Though Guldahl’s success lasted a mere few years, his three Majors make his signature highly desirable. It’s one of the most difficult to analyze and many variations exist, making authentication difficult. Many forgeries are wrongly certified as genuine and many genuine signatures are wrongly pronounced as forgeries.
Guldahl had essentially two signatures during his playing days. The first is a very flowing signature and exhibits superior eye appeal; the letter construction is strong, and the hand is complex and artistic. This signature is extremely difficult to forge and no well executed forgeries of this form of signature exist.
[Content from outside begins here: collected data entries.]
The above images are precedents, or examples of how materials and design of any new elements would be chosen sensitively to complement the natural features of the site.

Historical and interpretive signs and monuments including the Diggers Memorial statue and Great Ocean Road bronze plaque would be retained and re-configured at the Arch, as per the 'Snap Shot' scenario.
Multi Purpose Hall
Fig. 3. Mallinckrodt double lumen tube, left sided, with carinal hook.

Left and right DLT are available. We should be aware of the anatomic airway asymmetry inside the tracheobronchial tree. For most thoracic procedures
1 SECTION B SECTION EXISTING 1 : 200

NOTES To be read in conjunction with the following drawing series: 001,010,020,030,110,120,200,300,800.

Around the same time in 1939, Guldahl signed completely different—in a hurried form that he usually signed at golf tournaments, where many fans clamored for his autograph. It has poor eye appeal and is just plain ugly. This form is often pronounced as a forgery but in fact it is genuine.
As the years progressed, Guldahl settled on one form of signature that he would use for the rest of his life. The hand is slightly jagged and lacks good flow. This form of signature is easy to replicate and well executed forgeries are on the market, so caution is warranted.
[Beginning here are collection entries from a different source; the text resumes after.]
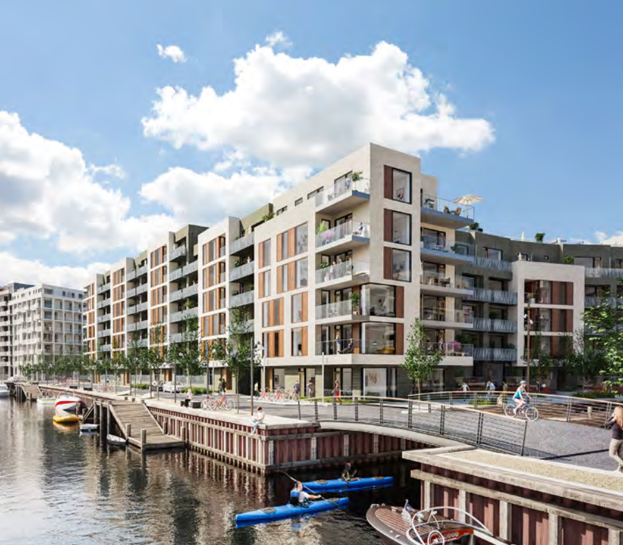
PROJECT MYRHOLM, COPENHAGEN // DANIELSEN ARCHITECTURE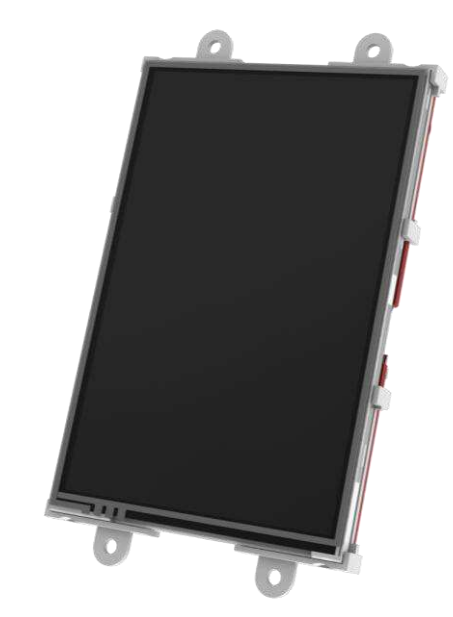
The uLCD-35DT Display Module

NOTE (*): Arduino remains the property of the Arduino Team. All references to the word Arduino and Arduino Hardware are licensed under the Creative Commons Attribution Share-Alike license.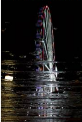
Great Wheel Reflection - Don Elliott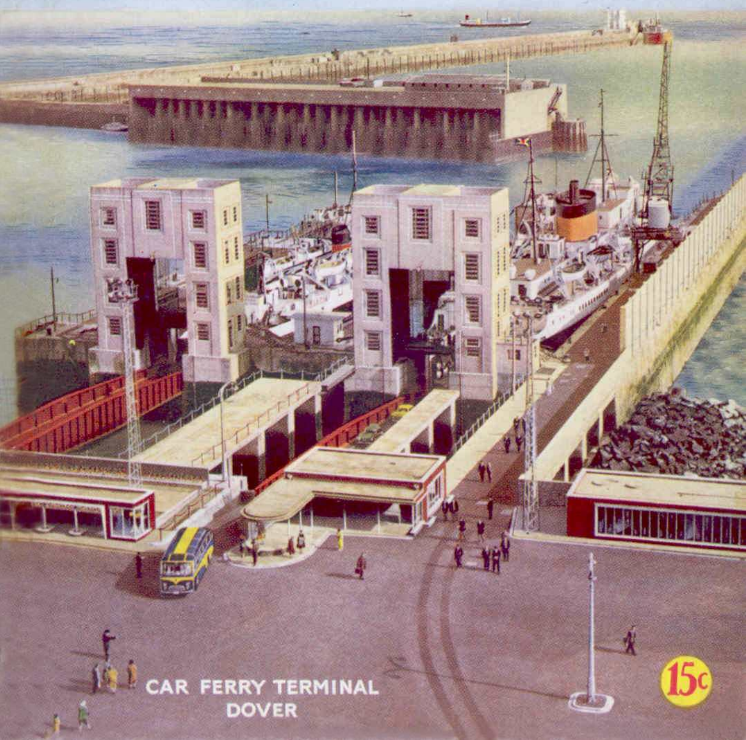
CAR FERRY TERMINAL DOVER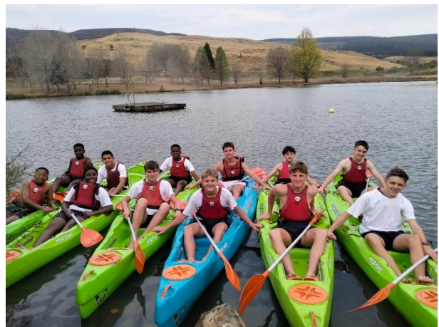
E Block in their canoes at van der Westhuyzen Dam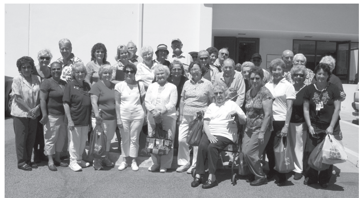
San Onofre tour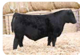
WINC/TCM STUNNER 288K Maternal Brother to Lot 16 & Son of Lot 15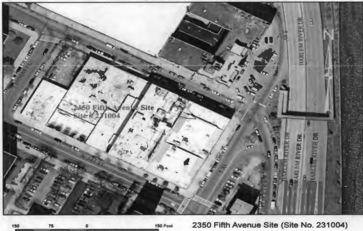
2350 Fifth Avenue Site (Site No. 231004)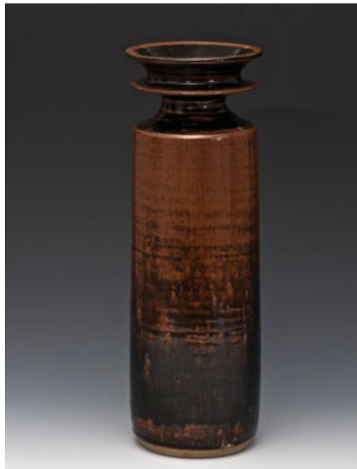
Alan Barrett-Danes Untitled Tenmoku Pot Stoneware Cardiff 1970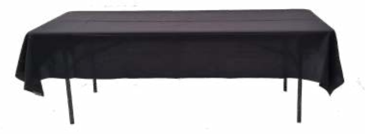
Trestle Tables 1.2m, 1.8m, 2.4m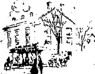
The Old Drug Store

As a guarantee that all of the facts regarding the origin of Father John's Medicine, as stated above, are absolutely true, the manufacturers of Father John's Medicine will give $25,000.00 to any charity, if it can be shown otherwise.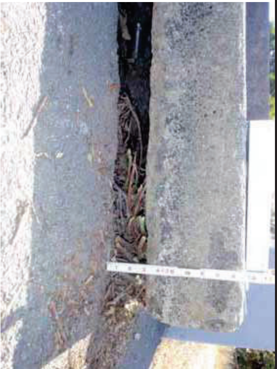
Coyote Creek Right Bank (~Sta 44+10): Settlement at the southeast corner of the Flamingo Road Bridge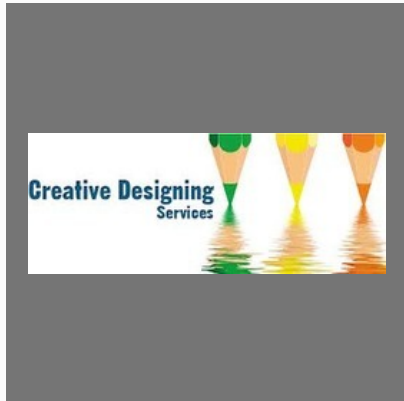
Creative Designing Services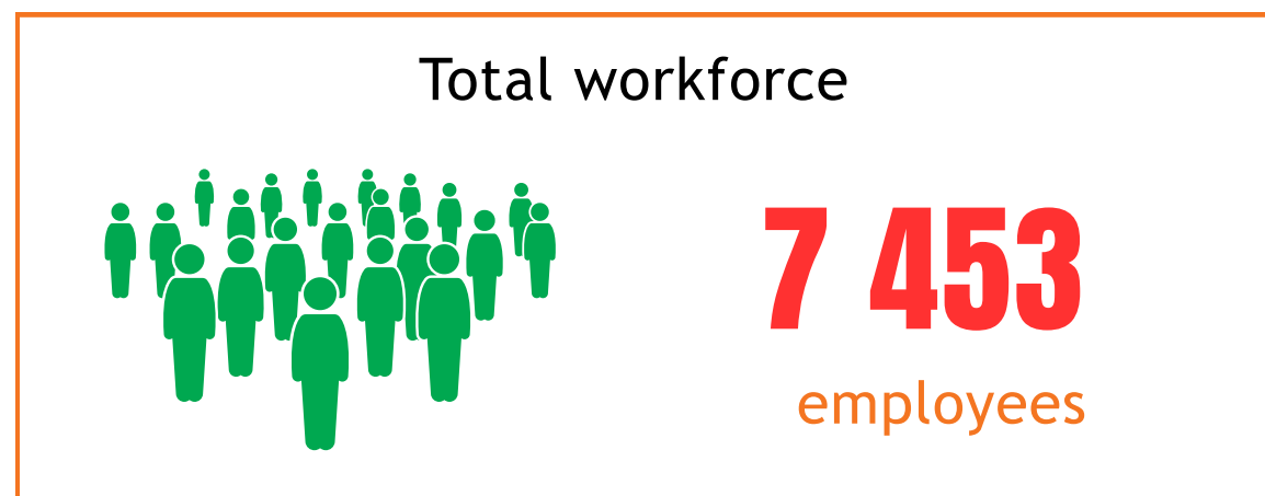
Distribution by age (total workforce)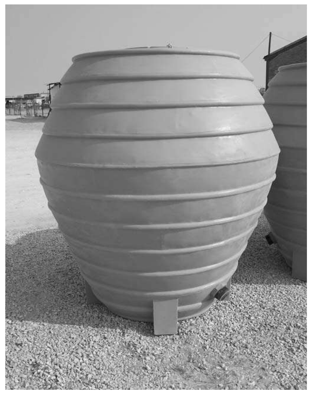
Figure 6.3.5 Plastic granary

Plastic drums (fig.6.3.5) of all sorts, including water tanks, can be sealed and used as effective hermetic grain store Figure 6.3.5 Plastic granary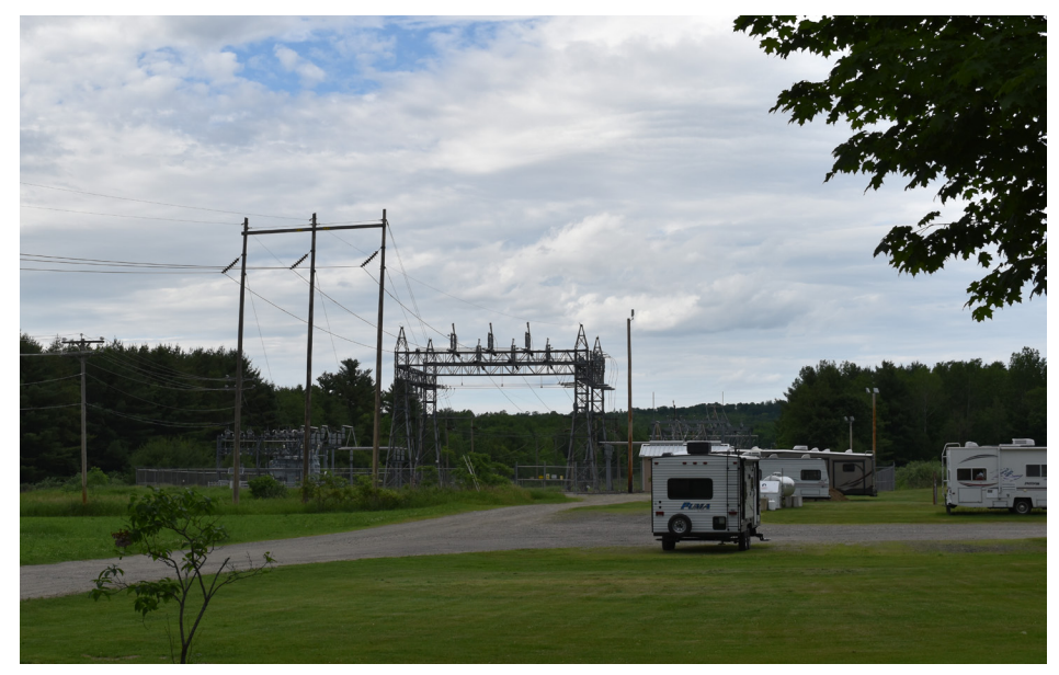
P7-12: View looking north at Sturtevant Substation near the Route 2 crossing in Farmington. See Photosimulation in Appendix D for view in opposite direction.

Though he died in 1987, Guldahl’s signature is scarce and premium items are rare. Most signatures that are available for purchase were signed during his playing plays, so album pages and golf scorecards are good sources of Guldahl signatures. Material signed after retirement is much more difficult to find than vintage ones. Typed letters, photos and government postcards are rare. Handwritten letters are even rarer—I have only run across two genuine examples. I have never seen a signed golf ball. The total population of Guldahl signatures is low and supply is far outweighed by demand.
In retirement Guldahl embarked on a career in insurance and in the late 1950s accepted the position of director of golf at the Braemar Country Club in California, where he remained for the rest of his life. Infirmity of hand affected his signature before he died at the age of 76. Material penned in the last few years of his life show a slight choppiness and is obviously labored in appearance.
Being an early Masters champion makes for an expensive signature. Here’s a price guide in short: A signature is valued at $500 with a government postcard valued at $750; a nicely signed 8×10 photo is a rarity and will sell for $1,500; typed letters signed will sell for $750-$1000 and autographed letters signed sell for $1,500-$2,000.
One final note regarding the mystery of Ralph Guldahl, to this day golf experts have tried to solve the riddle of the demise of his game. Guldahl said he simply lost interest in the game, others blamed it on his weight gain, but the truth appears to be more disturbing and just plain creepy. It was a simple golf instruction book that was the undoing of the great Guldahl. Back in 1939 Guldahl wrote a book titled Groove Your Golf and after he wrote it, his game would never be the same. He over analyzed himself and it ruined his swing forever. “I wrote that God damn book!” Guldahl reportedly said and the rest as they say is golf history. If you ever run across a signed copy of this book, you may want to avoid it altogether. It is said to be cursed, or so the old-time golfers tell me.